# Sunday's Show and Tell. ..8/23/15



## jd56 (Aug 23, 2015)

Can you believe that I have leaves falling on the yard already?  
Fall is just around the corner....daggum it!

Been a busy weekend for me, being my birthday and all.
Thanks again to all of you that reached out with the well wishes.

Let's see what classics you have found from this past weekend. 
Whether it be bike related or not. 
Please include pictures as we do love pictures! 


I did receive one much needed bike item for my latest project.
The NOS Westfield badge.  New or old, I like it! 
Go red, white and blue!






It's all about the Rescue / Revival and of course the Tanklights!!

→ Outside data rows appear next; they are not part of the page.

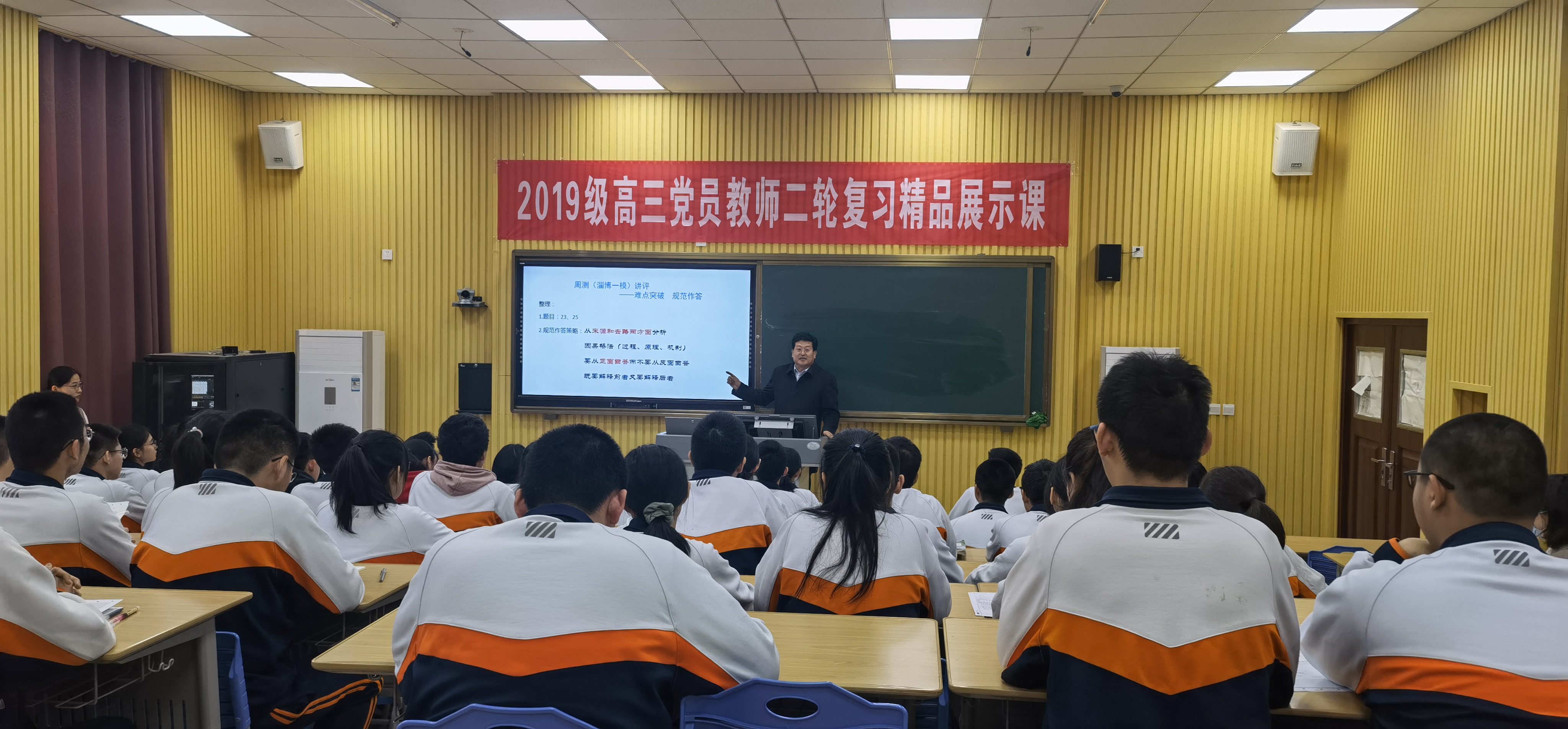 为了充分发挥党员教师的先锋模范作用和业务示范作用,通过党员教师讲授“示范课”,全体教师观摩学习,开展教学交流,提升业务水平,2019级部开展了“高三党员教师高考二轮复习精品展示课”活动。校长史本泉同志和副校长马占武同志到现场听课指导。
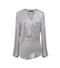 The wrap blouse is fully adjustable to suit your preferences. You have the option to wear it crossed in the back or crossed in the front. Made from raw silk, this blouse features puffed sleeves for an extra touch of elegance.
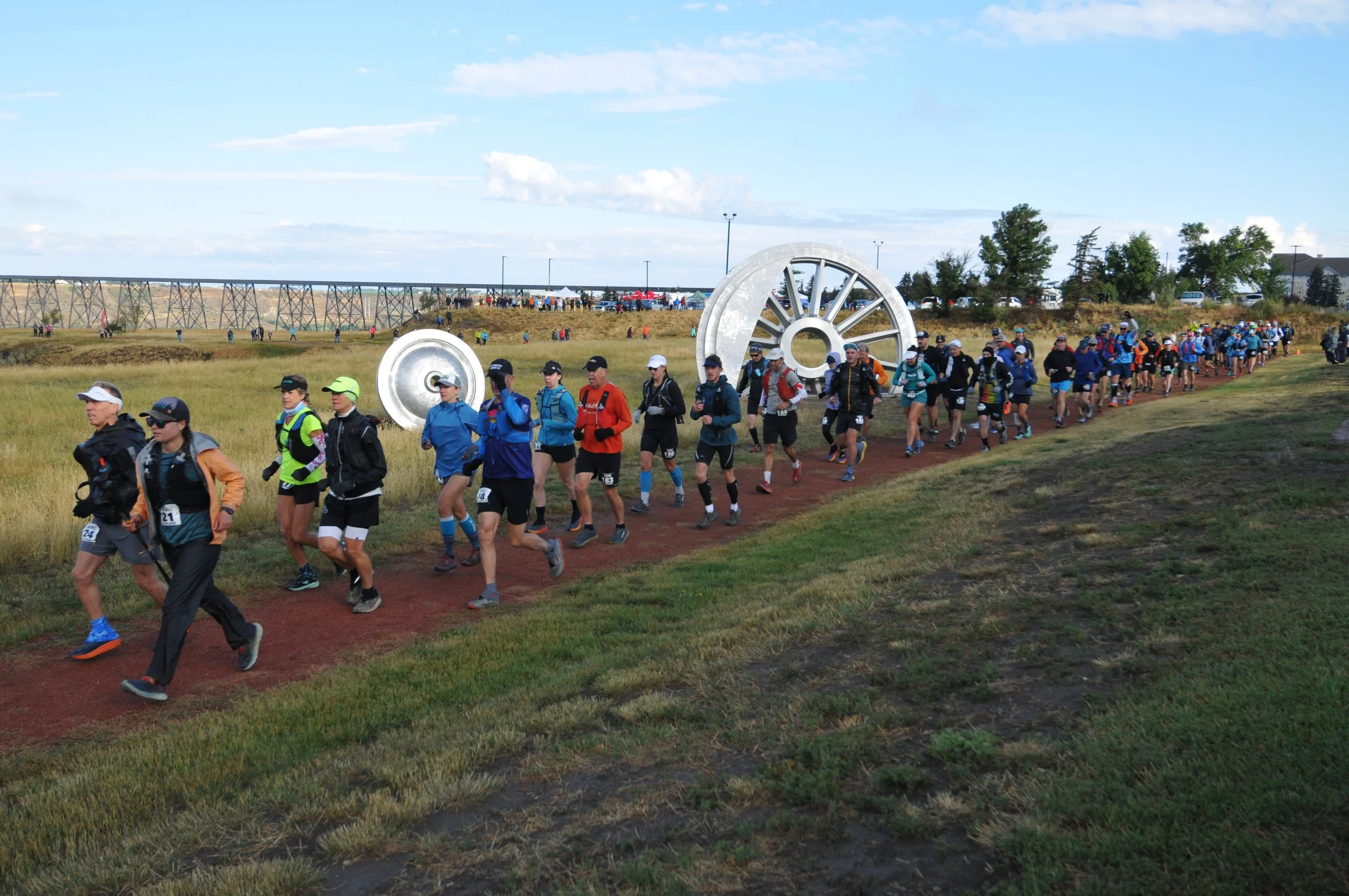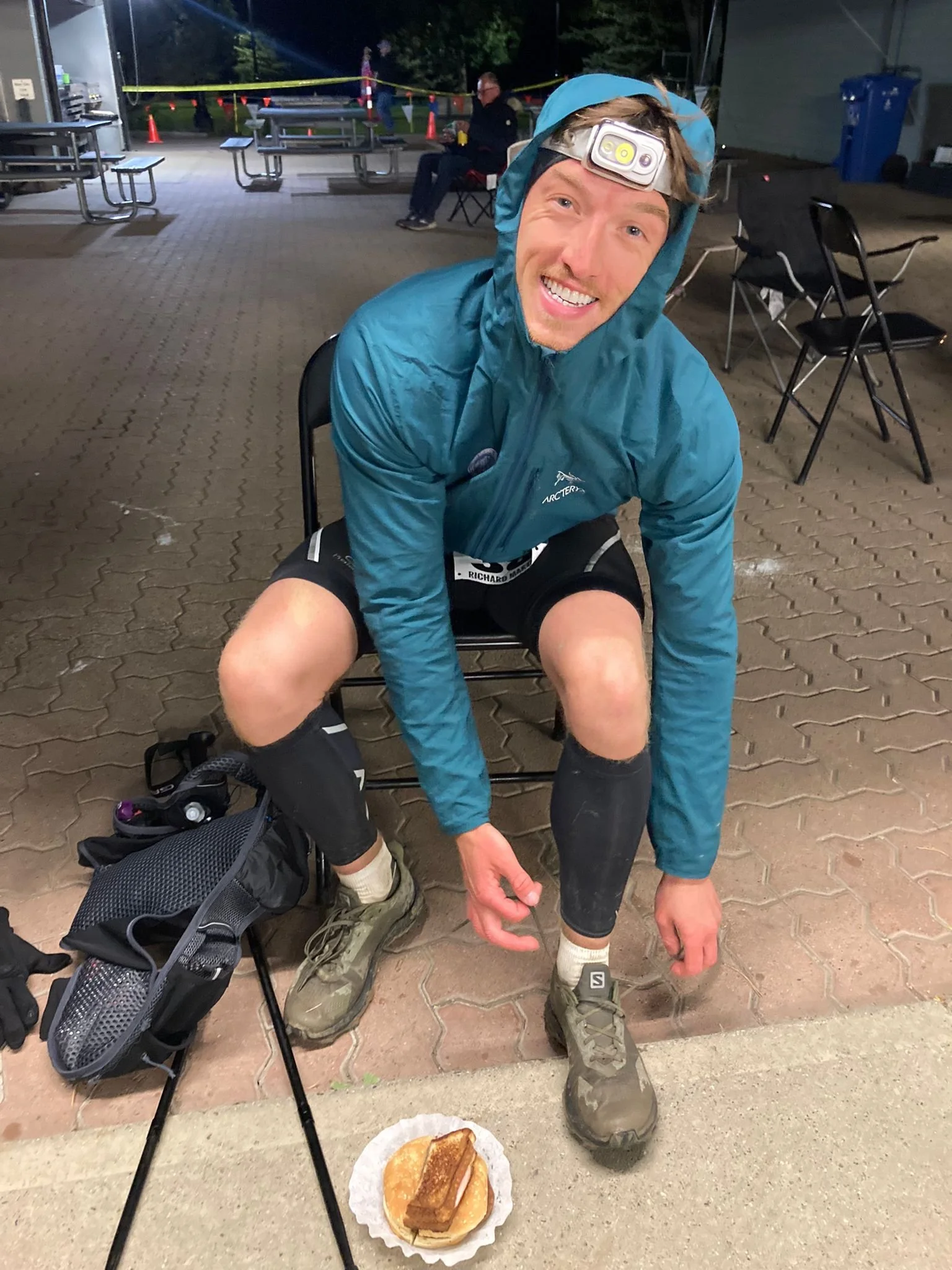The city of Lethbridge is relatively flat compared to Banff, so I was confident that my training would hold up well. On each lap, half was essentially flat, while the other included 16 coulees, short but steep hills, most of these ranging from 150 to 250 feet. Each lap included three aid stations, which we passed twice, so six per lap. These stations offered a spread of food—chicken, burgers, pizza, fruit, sweets, and cakes. You name it, it was on offer. By the end of the race, my go to snack had become watermelon slices covered in copious amounts of salt, a peculiar combination but oddly satisfying at the time. These stations were staffed by incredible volunteers who went out of their way to help as you came stumbling in.
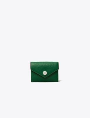 柔らかなペブルドレザーを使用した、すっきりとしたラインのスモール エンベロープウォレット。内側に複数のポケットを備えています。

How did I run out of room so fast?

my FB page
https://m.facebook.com/antiquebikerescue


----------



## StevieZ (Aug 23, 2015)

I picked up this Pahntom. 1950 

[


----------



## petritl (Aug 23, 2015)

Not a big bike week; did pick up these reflectors:


----------



## catfish (Aug 23, 2015)

petritl said:


> Not a big bike week; did pick up these reflectors:




These are cool!


----------



## catfish (Aug 23, 2015)

jd56 said:


> I did receive one much needed bike item for my latest project.
> The NOS Westfield badge.  New or old, I like it!
> Go red, white and blue!
> 
> ...




Glad you got this badge. It's a nice one.


----------



## pedal_junky (Aug 23, 2015)

Hit an estate sale down the road, no bikes, did find a few neat things though. A Schrader tire pressure guage local to this area.  "Carolina Auto Supply House, Charlotte NC" .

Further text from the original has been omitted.